To ensure that the agent continues execution even when this error occurs, the `handle_tool_error` parameter is set to `True` when creating the `StructuredTool` object. This instructs LangChain to handle the error without halting the execution of the agent.

The execution of the tool with the `search` function causes the `ToolException` to be raised, and without proper error handling, this would stop the agent.
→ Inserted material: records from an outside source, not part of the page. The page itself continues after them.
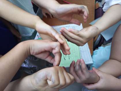 私が「がんばった証拠だね!」と言うとわたしも、ぼくもと手を見せてくれました。
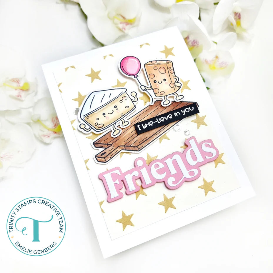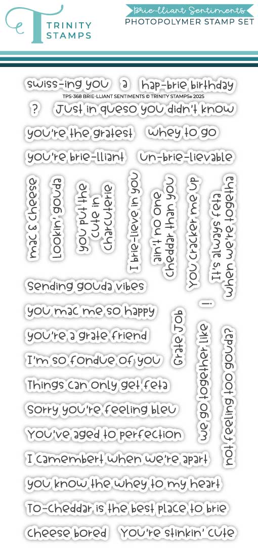 Add an extra sprinkle of cheesy fun to your project with these Brie-lliant Sentiments! Just in queso you didn't know, this 4"x8" sized stamp set is packed with 30 punny sentiments and two punctuation stamps. It's a grate value!
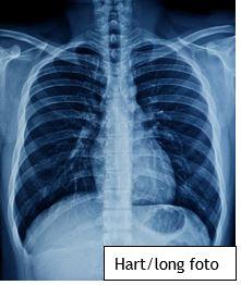 - Hiermee wordt met een zeer kleine dosis röntgenstraling een foto gemaakt van het hart en de longen. Hiermee kunnen grove longafwijkingen en vocht in de longen worden opgespoord.
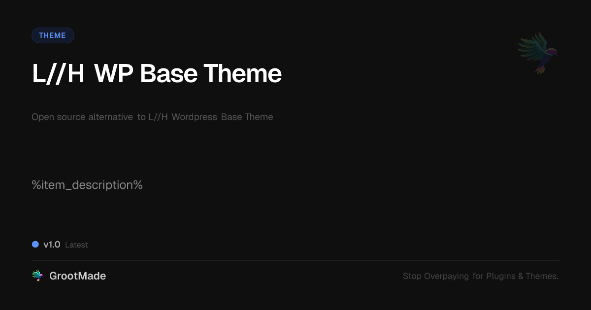 GrootMade is NOT affiliated with L//H Wordpress Base Theme or its original author. L//H Wordpress Base Theme™ is a trademark of its respective owner and use of it does not imply any endorsement or affiliation. This product has been forked under the GNU General Public License (GPL) and all non-GPL assets (such as proprietary images, fonts, and branding) have been removed. Distributing GPL-licensed code is 100% legal.
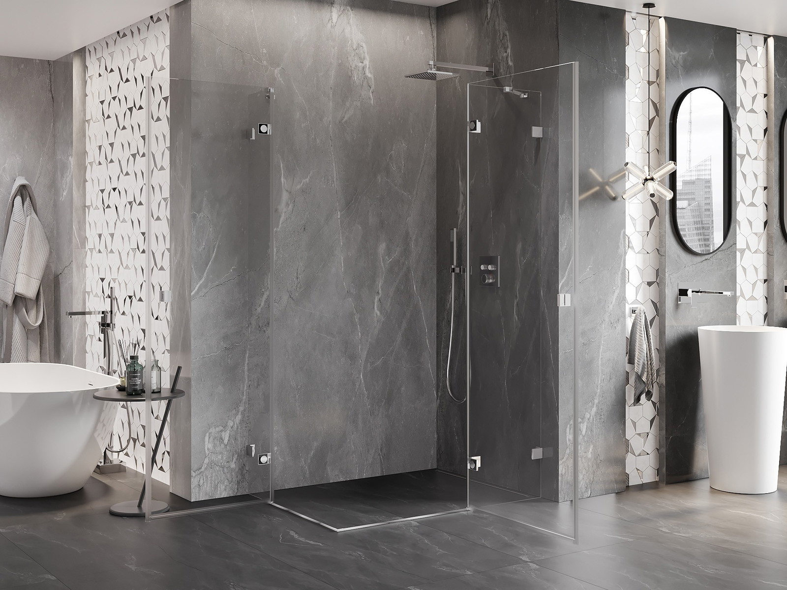 Produktą, atsižvelgiant į poreikius, galima sumontuoti tiek ant dušo padėklo, tiek tiesiogiai ant grindų. Universalus montavimo būdas leidžia pritaikyti produktą įvairių tipų vonios kambariams ir erdvės konfigūracijoms.
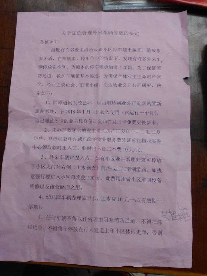 2、“决定”上说明是通过小区业主委员会的商讨决定。但是其“决定”并不符合我小区具体情况,并不能实际解决小区停车难的问题。第一、小区实际车位并不够每户一个停车位。第二、小区每户并不只有一台车辆。第三、小区住户有亲人、亲属车辆临时停放并没有解决。
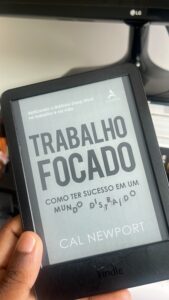 Com esses objetivos em mente, todo vídeo que eu buscava sobre o assunto, quase todos os textos que eu lia sobre o assunto indicavam o autor Cal Newport. Eu já tinha alguns livros dele adicionados à minha estante do Skoob, mas o livro Deep Work ou Trabalho Focado não estava na minha lista, talvez por ser um livro de 2016, não sei.
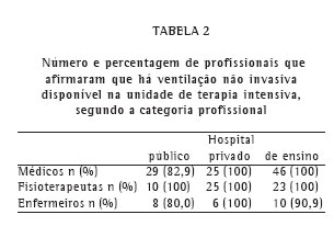 Optamos por quantificar a disponibilidade da VNI através de entrevistas, e não pela verificação no local, porque mais importante do que a UTI possuir equipamentos de VNI, é possuí-los e a equipe da UTI saber que estão disponíveis. Embora a questão 1 do questionário pudesse revelar uma situação de aparelhos disponíveis, mas sem que o procedimento da VNI estivesse disponível (por exemplo: falta de pessoas capazes de instalá-la) não acreditamos que ela seja comum. Outro problema que pode ter acontecido é o de profissionais terem respondido que havia equipamentos de VNI disponíveis quando de fato não havia. No entanto, pelo elevado grau de conhecimento e atualização, que mostraram médicos e fisioterapeutas, este problema nos parece improvável nestas categorias profissionais. Entre os enfermeiros, parece-nos que a situação contrária, em que há equipamentos disponíveis que não são conhecidos, é mais provável (Tabela 2).
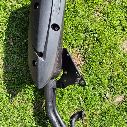 Stage6 udstødning til scooter med blå lyddæmper. Udstødningen er udført i metal med synlige svejsninger og separat lyddæmper monteret med bøjlebeslag. Velegnet til montering på scooter eller knallert, hvor der ønskes en sportsudstødning
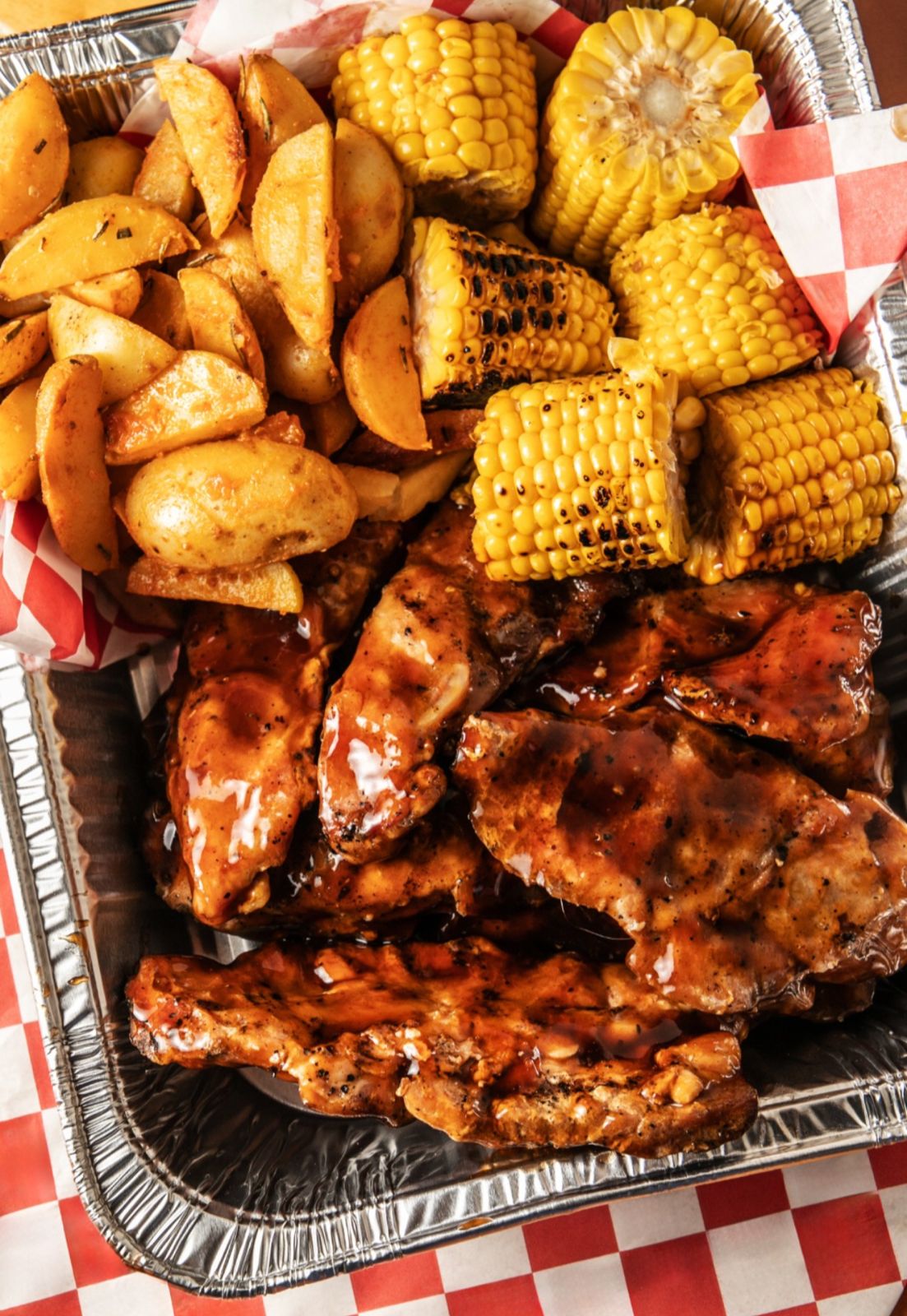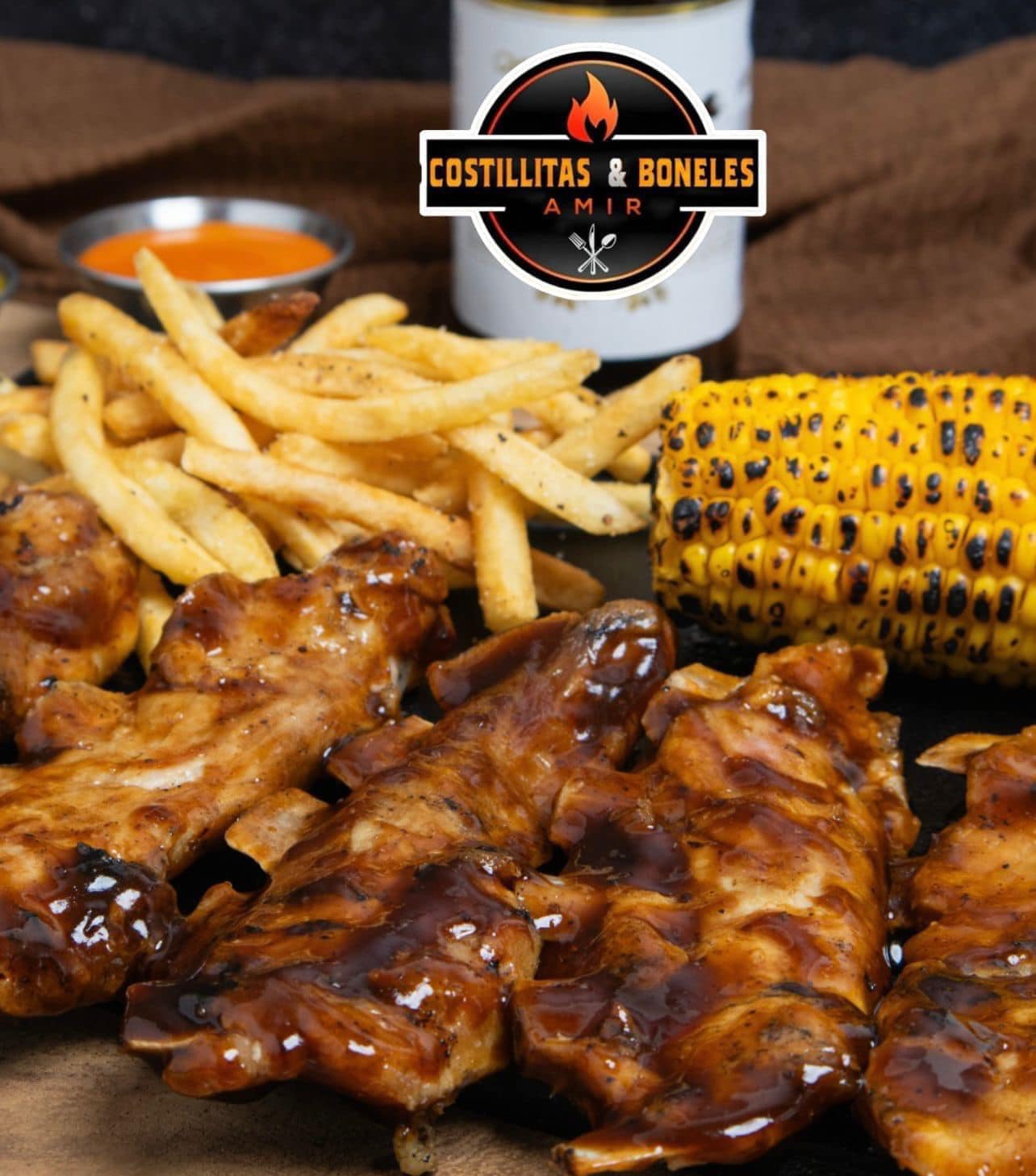 costilla baby back ahumada bañada en tu salsa favorita, acompañada de elote amarillo y papas fritas
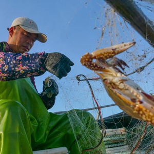 “風(fēng)浪越大,海水越渾濁,漁網(wǎng)越不容易被螃蟹發(fā)現?!焙鷩抡f(shuō),為了有好的收獲,漁民往往選擇逆著(zhù)風(fēng)浪半夜去深海作業(yè)。
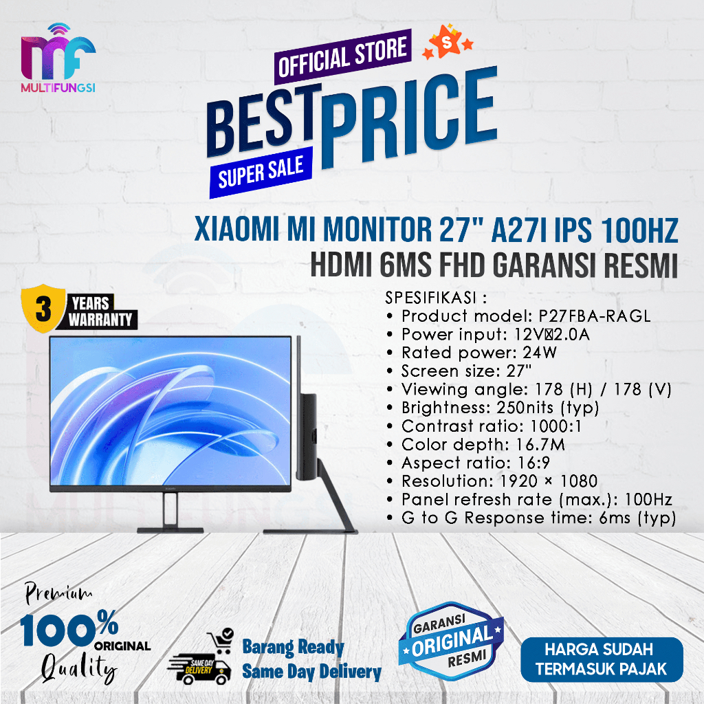 Xiaomi Mi Monitor 27" A27i IPS 100Hz FHD HDMI 6Ms 1080p Terjangkau
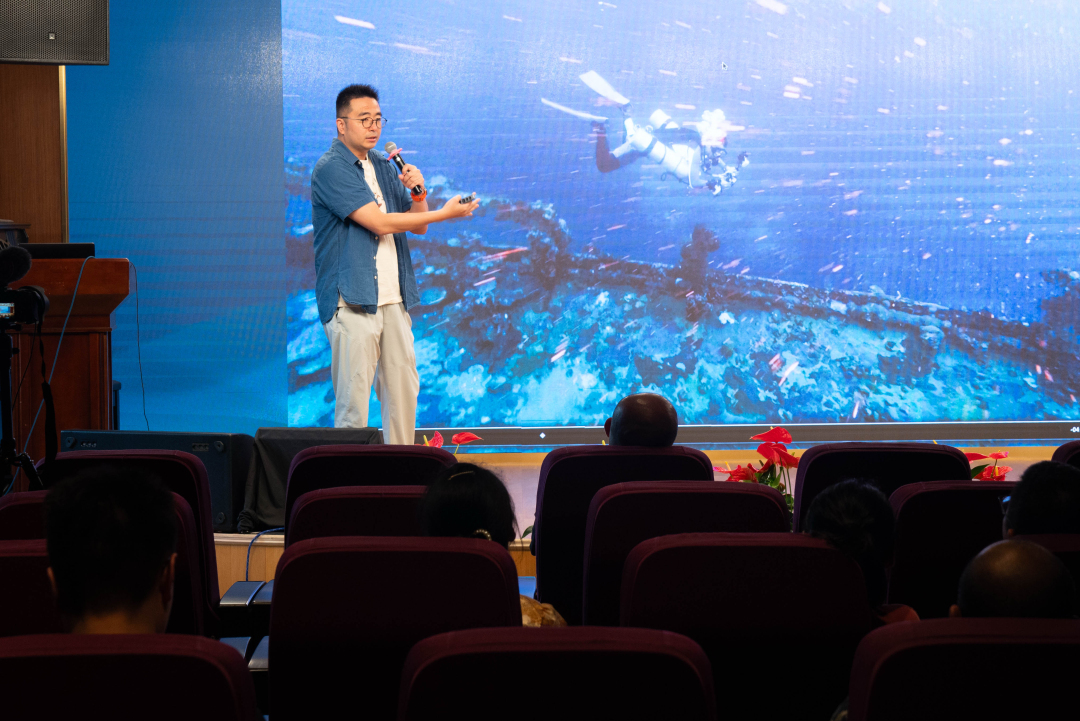 活动现场,饶轩就从自己的潜水经历讲起,生动描述了在菲律宾科隆海湾探索二战沉船的震撼体验。他通过一段水下视频,展示了沉船中的细节,如锈蚀的汽车残骸、储存淡水的巨缸,以及被珊瑚覆盖的船体结构。这些画面不仅让观众直观感受到历史的厚重,也激发了大家对历史细节的好奇心。“历史不仅是书本上的文字,更是可以通过技术亲手触摸的实物。”
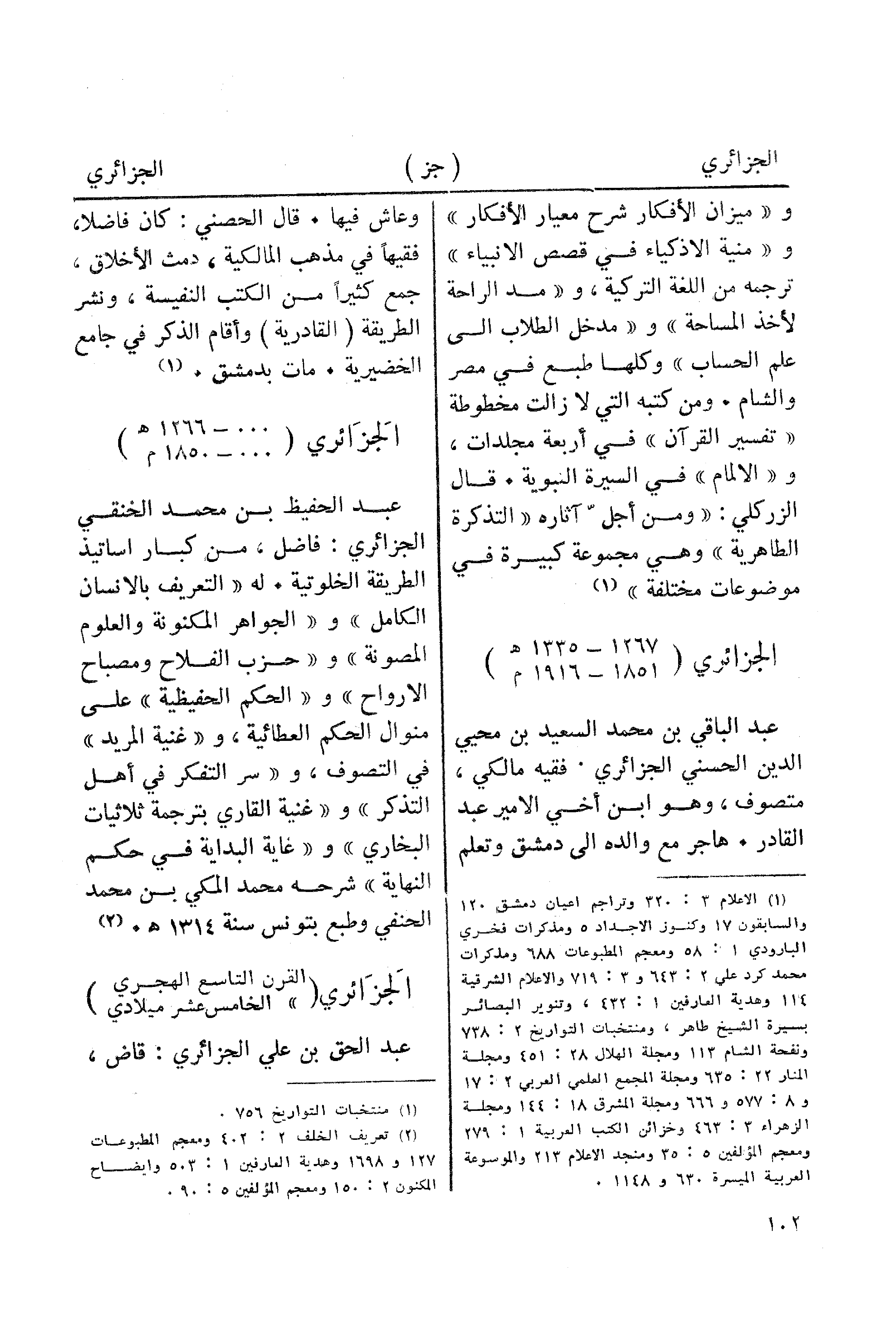 (¬1) الاعلام 3: 320 وتراجم اعيان دمشق 120 والسابقون 17 وكنوز الاجداد 5 ومذكرات فخري البارودي 1: 58 ومعجم المطبوعات 688 ومذكرات محمد كرد علي 2: 643 و 3: 719 والاعلام الشرقية 114 وهدية العارفين 1: 432 وتنوير البصائر بسيرة الشيخ طاهر، ومنتخبات التواريخ 2: 738 ونفحة الشام 113 ومجلة الهلال 28: 451 ومجلة المنار 22: 635 ومجلة المجمع العلمي العربي 2: 17 و 8: 577 و 666 ومجلة المشرق 18: 144 ومجلة الزهراء3: 463 وخزانن الكتب العربية 1: 279 ومعجم المؤلفين 5: 35 ومنجد الاعلام 213 والموسوعة العربية الميسرة 630 و 1148.
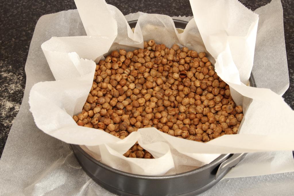 Repartimos bien la pasta quebrada por el molde (o la lámina de hojaldre, que pincharemos con un tenedor), procurando dejarla todo del mismo grosor, cubrimos con papel de hornear, echamos peso (unos garbanzos para estos menesteres) y llevamos al horno durante 15 aproximadamente, que se dore.
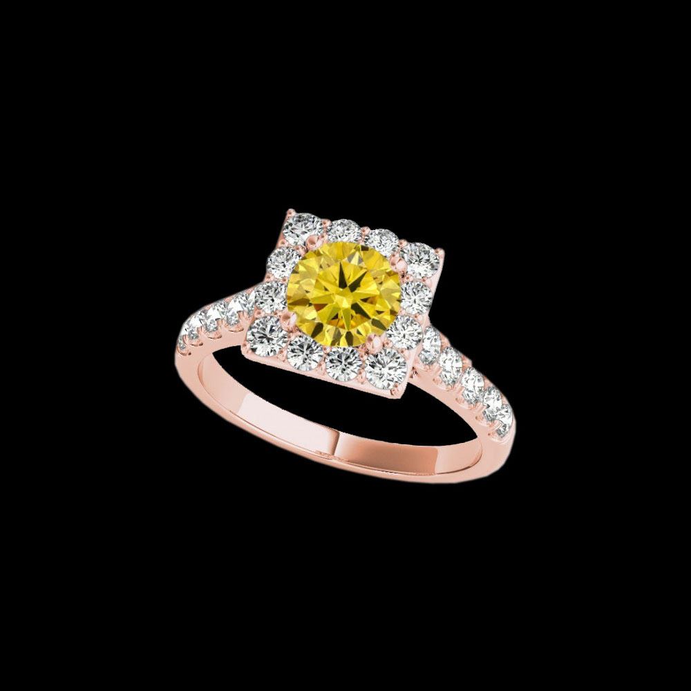 2 ctw Certified SI/I Fancy Intense Yellow Diamond Halo Ring 10K Rose Gold
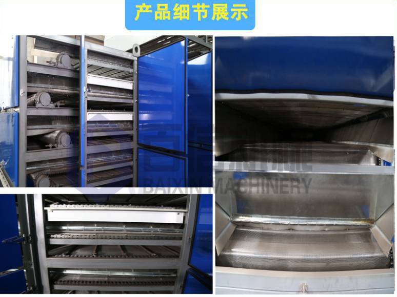 將需要干燥的青辣椒放置在輸送帶上,經(jīng)均料器后物料被平鋪在網(wǎng)帶上,輸送至烘干機(jī)內(nèi)部,在烘干機(jī)箱體內(nèi)呈“s"型逐層翻轉(zhuǎn)、下落,烘干后的青辣椒從出料口流出。經(jīng)過轉(zhuǎn)換后的熱風(fēng)從烘干機(jī)底部進(jìn)入,由于下部壓力大于上部壓力,熱氣流自下而上穿過每一層網(wǎng)帶和其上的物料層,逐層烘干,熱量交換均勻、充分,生產(chǎn)效率高,干燥品質(zhì)好。
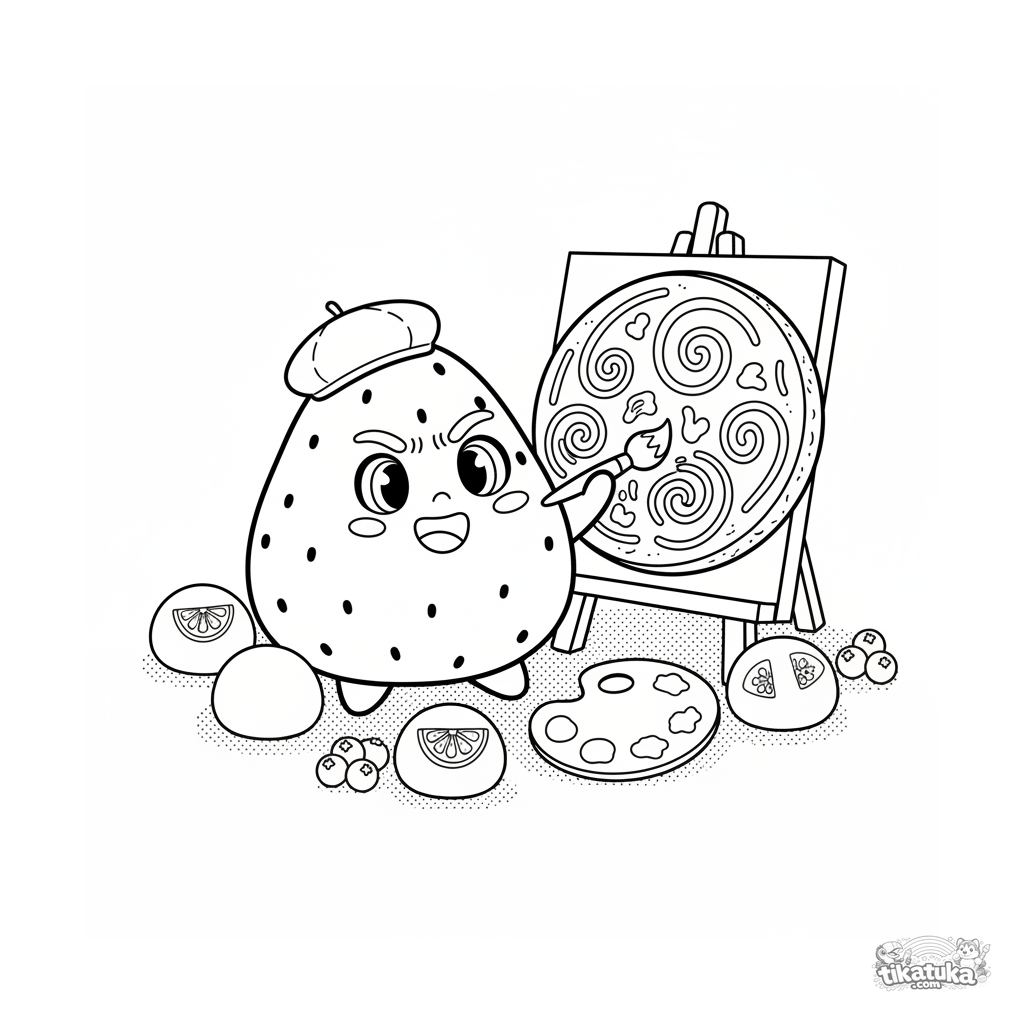 Сложная раскраска для детей 10-12 лет: клубничный моти в берете художника рисует на холсте из рисового крекера. Много деталей для творческого раскрашивания.

However, by setting `handle_tool_error=True`, the tool informs LangChain that it should manage this error internally and allow the agent to proceed. The specific error is raised but won't disrupt the tool's operation unless explicitly handled.

Furthermore, LangChain offers the ability to define a custom error-handling strategy by passing a function to `handle_tool_error` instead of a simple `True`. This function should accept a `ToolException` and return a `str`, which allows for more refined control over the error response, possibly transforming the error into a more user-friendly message or logging it for later analysis.

In this case, the tool raises an error, but the agent does not stop; the tool simply informs the user that the search functionality is unavailable. This is part of LangChain's flexibility, which allows for efficient error management while maintaining the flow of execution—particularly useful when building more complex applications like a research assistant, where various tools might fail without bringing down the entire system.